WHAT TO PRODUCE: Beginning with the line that contains "大公文匯全媒體報道,為慶祝香" and ending with the line that contains "如图,第四关的技能很关键,决", reproduce the lines of the entries below exactly, omitting pictures.

INPUT RECORDS:

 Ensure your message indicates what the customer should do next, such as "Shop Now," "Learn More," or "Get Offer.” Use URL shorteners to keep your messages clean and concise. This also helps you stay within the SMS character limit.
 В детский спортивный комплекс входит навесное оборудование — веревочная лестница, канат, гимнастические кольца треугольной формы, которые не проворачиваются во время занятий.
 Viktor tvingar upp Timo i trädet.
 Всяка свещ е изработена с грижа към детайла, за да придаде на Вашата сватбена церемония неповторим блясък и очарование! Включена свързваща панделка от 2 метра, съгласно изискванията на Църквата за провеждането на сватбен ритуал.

...

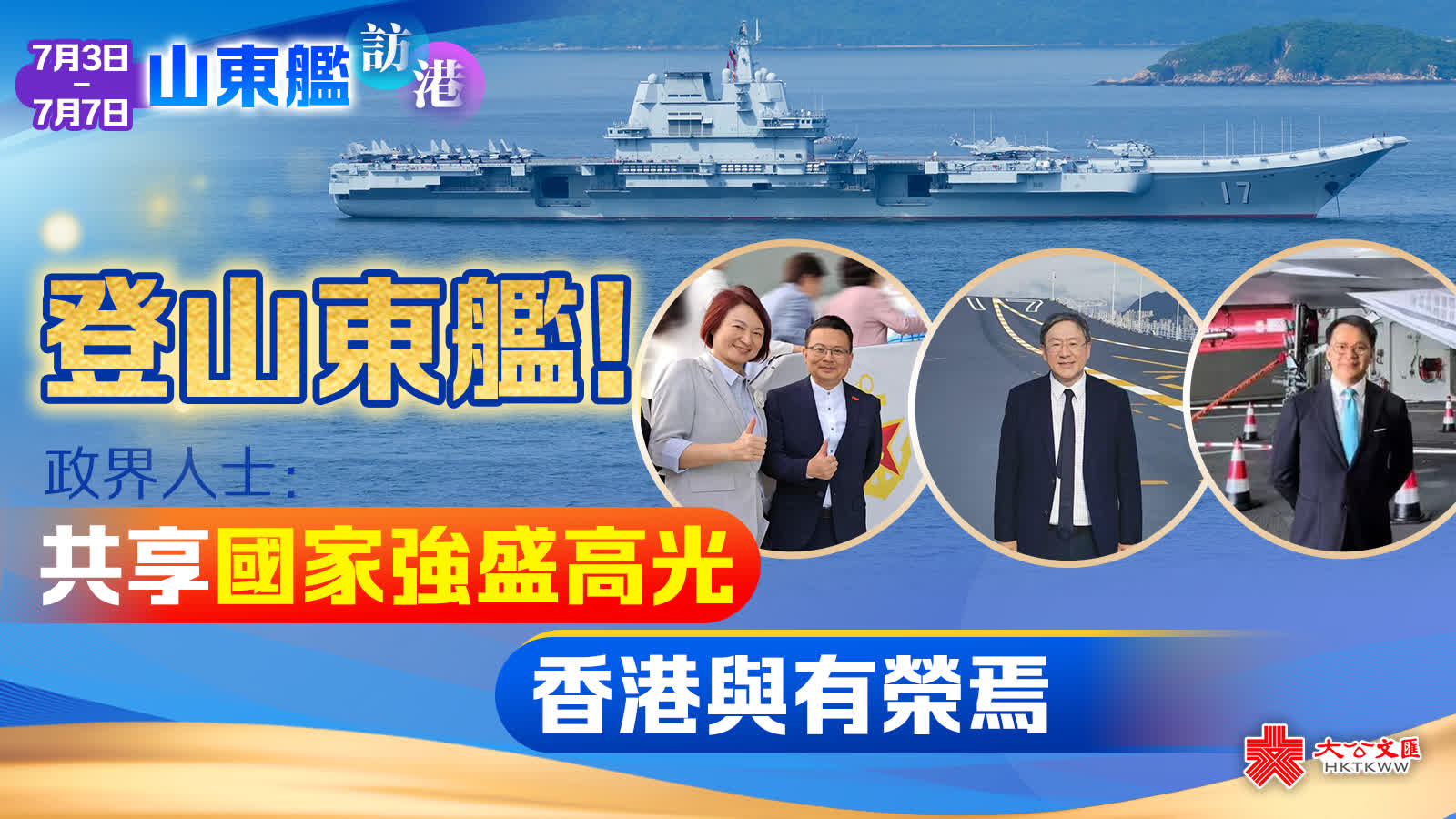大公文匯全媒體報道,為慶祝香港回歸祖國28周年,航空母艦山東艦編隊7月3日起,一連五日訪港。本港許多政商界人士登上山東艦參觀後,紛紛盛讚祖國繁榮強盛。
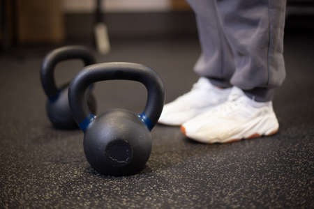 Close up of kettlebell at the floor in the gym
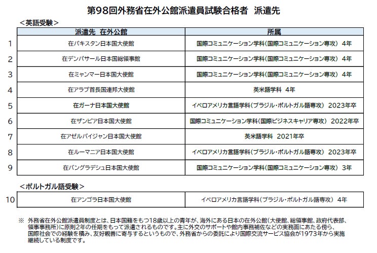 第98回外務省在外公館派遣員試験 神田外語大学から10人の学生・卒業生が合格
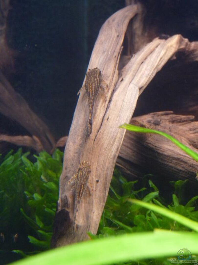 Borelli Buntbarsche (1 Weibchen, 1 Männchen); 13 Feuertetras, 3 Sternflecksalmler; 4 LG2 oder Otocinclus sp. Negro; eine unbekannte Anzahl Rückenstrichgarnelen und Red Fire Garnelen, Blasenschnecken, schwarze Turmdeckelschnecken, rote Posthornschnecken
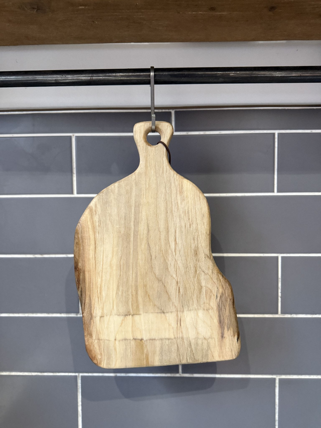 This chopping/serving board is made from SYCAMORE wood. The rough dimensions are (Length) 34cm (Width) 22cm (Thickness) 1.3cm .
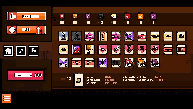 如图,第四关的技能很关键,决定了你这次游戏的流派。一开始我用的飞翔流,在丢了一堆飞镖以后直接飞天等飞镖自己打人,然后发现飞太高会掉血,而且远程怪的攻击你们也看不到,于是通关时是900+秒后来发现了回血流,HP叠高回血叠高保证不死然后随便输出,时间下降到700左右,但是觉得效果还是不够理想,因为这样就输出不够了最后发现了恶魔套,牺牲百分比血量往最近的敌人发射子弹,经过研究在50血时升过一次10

RESULT OF THE TASK:
大公文匯全媒體報道,為慶祝香港回歸祖國28周年,航空母艦山東艦編隊7月3日起,一連五日訪港。本港許多政商界人士登上山東艦參觀後,紛紛盛讚祖國繁榮強盛。
 Close up of kettlebell at the floor in the gym
 第98回外務省在外公館派遣員試験 神田外語大学から10人の学生・卒業生が合格
 Borelli Buntbarsche (1 Weibchen, 1 Männchen); 13 Feuertetras, 3 Sternflecksalmler; 4 LG2 oder Otocinclus sp. Negro; eine unbekannte Anzahl Rückenstrichgarnelen und Red Fire Garnelen, Blasenschnecken, schwarze Turmdeckelschnecken, rote Posthornschnecken
 This chopping/serving board is made from SYCAMORE wood. The rough dimensions are (Length) 34cm (Width) 22cm (Thickness) 1.3cm .
 如图,第四关的技能很关键,决定了你这次游戏的流派。一开始我用的飞翔流,在丢了一堆飞镖以后直接飞天等飞镖自己打人,然后发现飞太高会掉血,而且远程怪的攻击你们也看不到,于是通关时是900+秒后来发现了回血流,HP叠高回血叠高保证不死然后随便输出,时间下降到700左右,但是觉得效果还是不够理想,因为这样就输出不够了最后发现了恶魔套,牺牲百分比血量往最近的敌人发射子弹,经过研究在50血时升过一次10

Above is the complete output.